TASK REQUIREMENTS:
Give back, exactly as written, the lines from the first line of the data below through the line with "除了杜蘭特疑似小號的事件,北", and omit the pictures.

DATASET EXCERPT:
^^^^^^^^^^^^^^^^
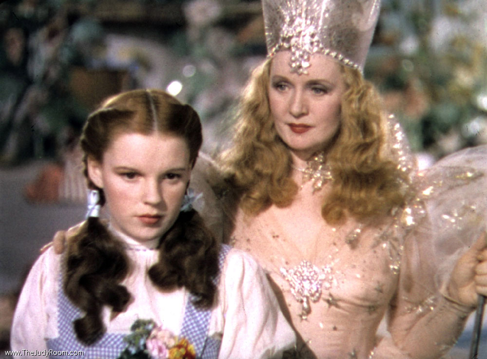Billie Burke and Judy Garland are caught in a candid moment on the Munchkinland set.
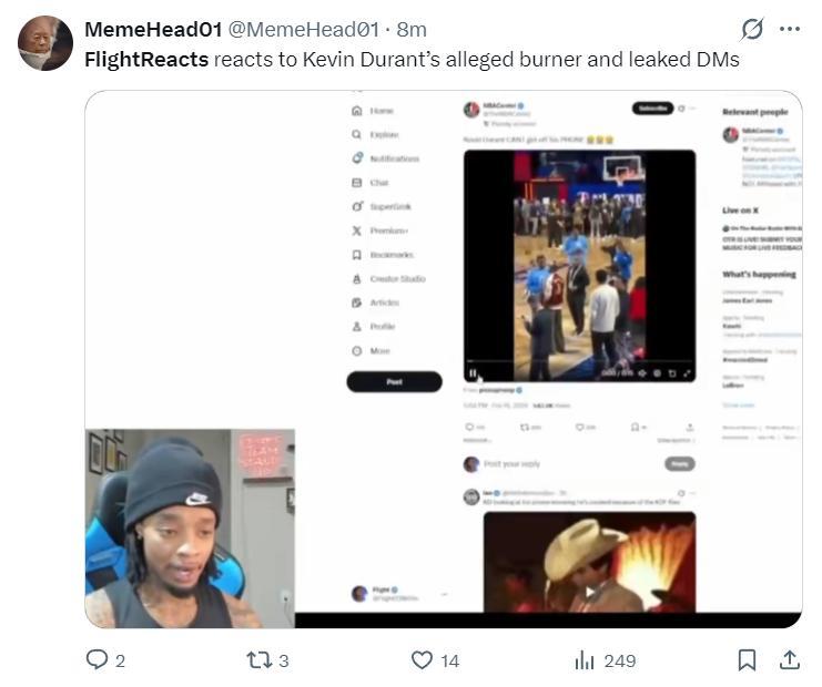 除了杜蘭特疑似小號的事件,北京時間2月16日,美國網紅FlightReacts還在個人社媒上吐槽杜蘭特,他表示杜蘭特在全明星賽前還在玩手機,他寫道:KD啊,別再刷社媒了,別再用你的小號了,不要在社媒上跟別人對線了,好好打籃球吧!停止用社媒吧,專心打完這個賽季再說。
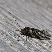 Psococerastis gibbosa is a species of Psocoptera from the Psocidae family that can be found in Great Britain and Ireland. They are also common in Austria, Benelux, Bulgaria, Croatia, Finland, France, Germany, Hungary, Italy, Latvia, Poland, Romania, Spain, Switzerland, and Scandinavia.[1] The species are yellowish-black coloured, and are striped.[2]
^^^^^^^^^^^^^^^^
WRITTEN ANSWER:
Billie Burke and Judy Garland are caught in a candid moment on the Munchkinland set.
 除了杜蘭特疑似小號的事件,北京時間2月16日,美國網紅FlightReacts還在個人社媒上吐槽杜蘭特,他表示杜蘭特在全明星賽前還在玩手機,他寫道:KD啊,別再刷社媒了,別再用你的小號了,不要在社媒上跟別人對線了,好好打籃球吧!停止用社媒吧,專心打完這個賽季再說。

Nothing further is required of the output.